MUSE et Sphere, les deux nouveaux instruments installés au Very Large Telescope (VLT), sont des concentrés de technologies. « Nous avons fait plusieurs paris car au moment de lancer le projet beaucoup des composants dont nous avions besoin n'existaient pas ! », rappelle Jean-Luc Beuzit, responsable de Sphere à l'Institut de planétologie et d'astrophysique de Grenoble. Dix ans plus tard, le pari est en passe de réussir avec les premières lumières capturées début mai. « MUSE est un miracle technologique.
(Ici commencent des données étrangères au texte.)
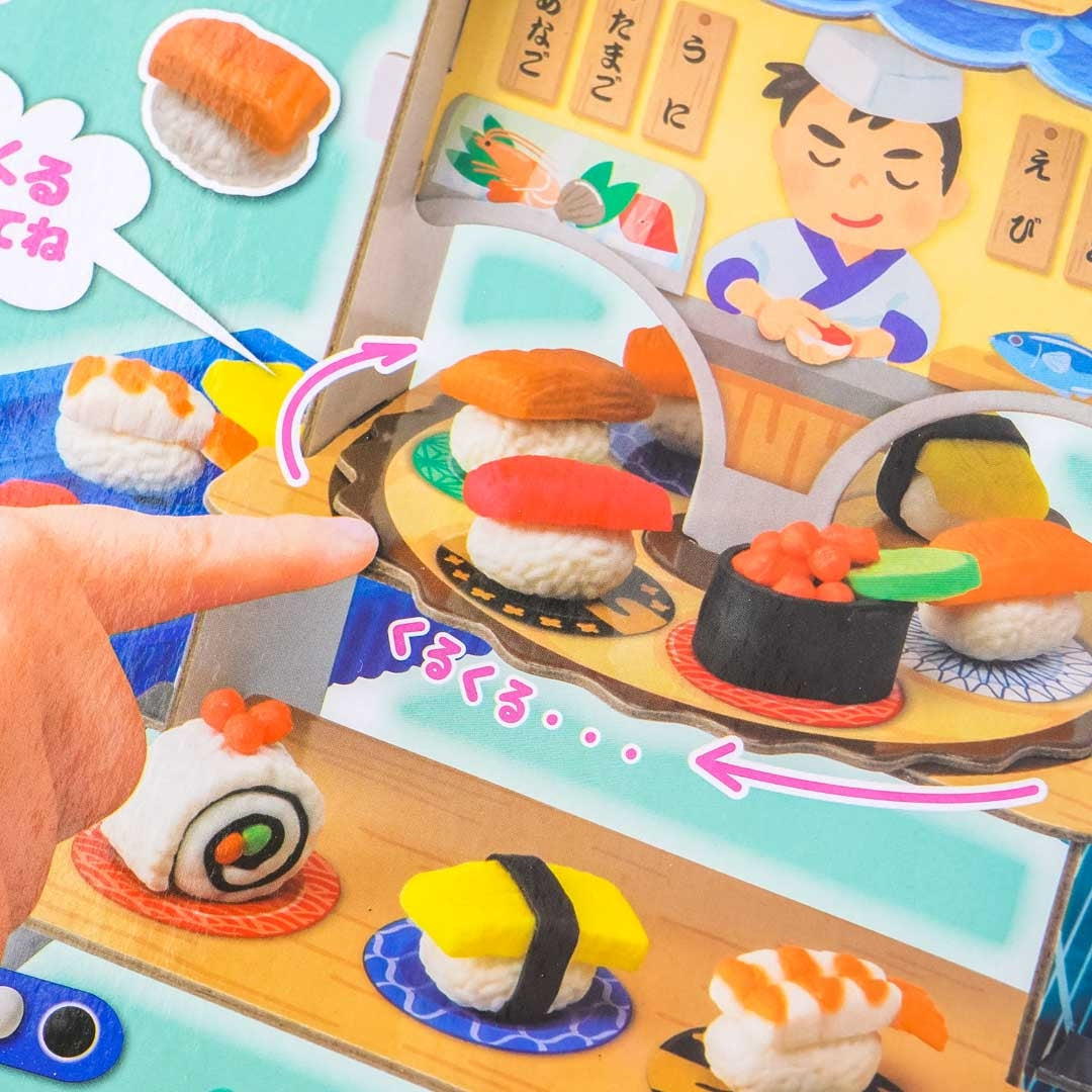 • A DIY clay molding kit featuring a small sushi conveyor belt restaurant
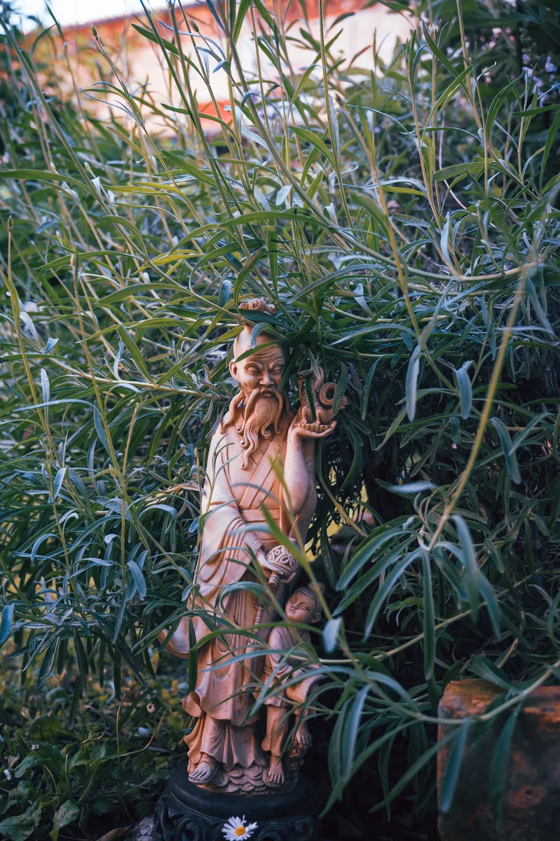 Altri reperti e oggetti dislocati qua e là sono recenti: a loro si può attribuire un nome, un momento, un motivo. C’è l’insegna del cinema Jolly di Villanova, recuperata dal proprietario di casa, appassionato cinefilo. C’è l’abete piantato da suo figlio Giacomo, quando era bambino e aveva solo undici anni. C’è la lavagna dove ogni giorno Giacomo, oggi adulto, scrive una poesia per salutare e sorprendere la sua compagna Chiara. Ci sono le ceramiche realizzata da Chiara e il forno che le ha regalato l’artista Sergio Zanni. Ci sono le tartarughe, tantissime, la più anziana ha trentacinque anni, e c’è anche il loro guardino, incarnato nella statua di Lao Tsu. Ci sono i cactus e le succulente, l’edgenworthia profumatissima quando fiorisce, la palma giovane ma cresciuta in fretta.
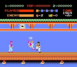 一开始左边右边就会出现一群的小喽啰,用站拳或蹲踢击退他们,打完后赶快往左边移动,因为这些家伙是无限的,打完了会不断地补货~ 用脚踢100分,用拳200分。其中会出现射飞镖的蓝衣角色,耐久力比较强些,需要打两下才打得掉,跳踢一下,蹲拳一下,这样分数是800分,比光用脚踢500分高。
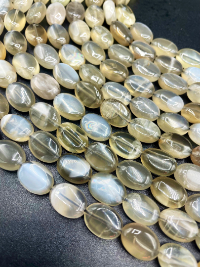 AAA Natural Gray Rainbow Moonstone Bead, 10x14mm 9x10mm Oval Shape, Great Quality Gray Color Moonstone Bead, Full Strand 15.5”
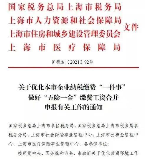 上海税务局联合人社、住建及医保部门发布《关于优化本市企业纳税缴费“一件事” 做好“五险一金”缴费工资合并申报有关工作的通知》(沪税发[2021]92号),从2021年12月31日起,优化企业五险一金缴费工资申报流程,实现合并申报、数据互认。

L'alignement était quasi parfait dès le début ! », se souvient Ferdinando Patat, responsable des programmes d'observation du VLT.
Au cœur de ces instruments, la lumière est mise à rude épreuve par des technologies de pointe. Sphere a besoin, pour photographier un point sombre autour d'une étoile, « d'éteindre la lumière » de cette étoile. « C'est comme distinguer une bougie dans la lueur d'un phare à Marseille depuis Paris », décrit Thierry Fusco, de l’Onera. La planète visée brille en effet un million de fois moins que son soleil. Trois techniques et une caméra spéciale sont nécessaires. D’abord, l'optique adaptative est utilisée pour corriger les perturbations de l'atmosphère terrestre en déformant en plusieurs points un miroir. Dans Sphere, sur les 20 centimètres de diamètre de celui-ci, 1 377 points de déformation sont disposés, permettant de le faire bouger de quelques micromètres 1 200 fois par seconde. L’image floue devient plus nette.
Puis, un coronographe – sorte de masque – est ajouté au centre du faisceau pour éteindre l'étoile. « C'est comme si nous faisions se détruire entre eux les photons provenant de l'étoile, en épargnant ceux de la planète », ajoute Jean-François Sauvage, de l'Onera.
Enfin, des soustractions entre différentes fréquences, polarisations ou directions sont effectuées pour éliminer les derniers photons parasites. L'ensemble a aussi nécessité une caméra rapide, sensible à un seul photon (que l'entreprise française First Light Imaging développe pour contrôler en temps réel qu'aucun débris n'encombre les pistes d'atterrissage). Finalement, l’exoplanète apparaît comme un tout petit point sur l’image.
Même genre d'exploits du côté de MUSE. La lumière passe d'abord par un « dérotateur » pour faire en sorte que l'instrument suive les mouvements de la Terre sans être fixé au télescope, qui ne supporterait pas son poids. Puis le faisceau est découpé en 24 images (par une technique brevetée avec l'entreprise Winlight). Chacun de ses morceaux est à nouveau découpé en 48 parties, qui sont envoyées dans un spectrographe pour l'analyse de 4 000 longueurs d'onde. Au total, 24 spectrographes, refroidis à l'azote liquide à – 130 degrés Celsius, participent à la construction d'images grandes comme un 700e de la surface de la pleine lune.
La direction de deux des quatre nouveaux yeux du VLT par des Français n'est pas un hasard. « Il y a une école française de l'optique et plusieurs observatoires ont eu des Français à leur tête », constate Jean-Luc Beuzit. Sans remonter aux fameuses lois de l'optique de Descartes (lois de Snell pour les Anglo-Saxons), les Fresnel ou Fourier sont bien connus aussi pour leur apport à la discipline. La tradition s'est poursuivie avec l'optique adaptative, développée pour l'astronomie par Pierre Léna notamment. Ou l'interférométrie, autre technique installée au VLT ou à ALMA, qui doit beaucoup à Antoine Labeyrie.
La technique n'est pas le seul défi. Jean-Luc Beuzit et Roland Bacon (à la tête de MUSE) constatent que faire travailler autant de partenaires aux cultures différentes (des Allemands, des Néerlandais, des Suisses et des Français dans les deux cas) n'a pas toujours été facile. « J'ai dû organiser des semaines communes pour faire se rencontrer les différents ingénieurs », se souvient Roland Bacon.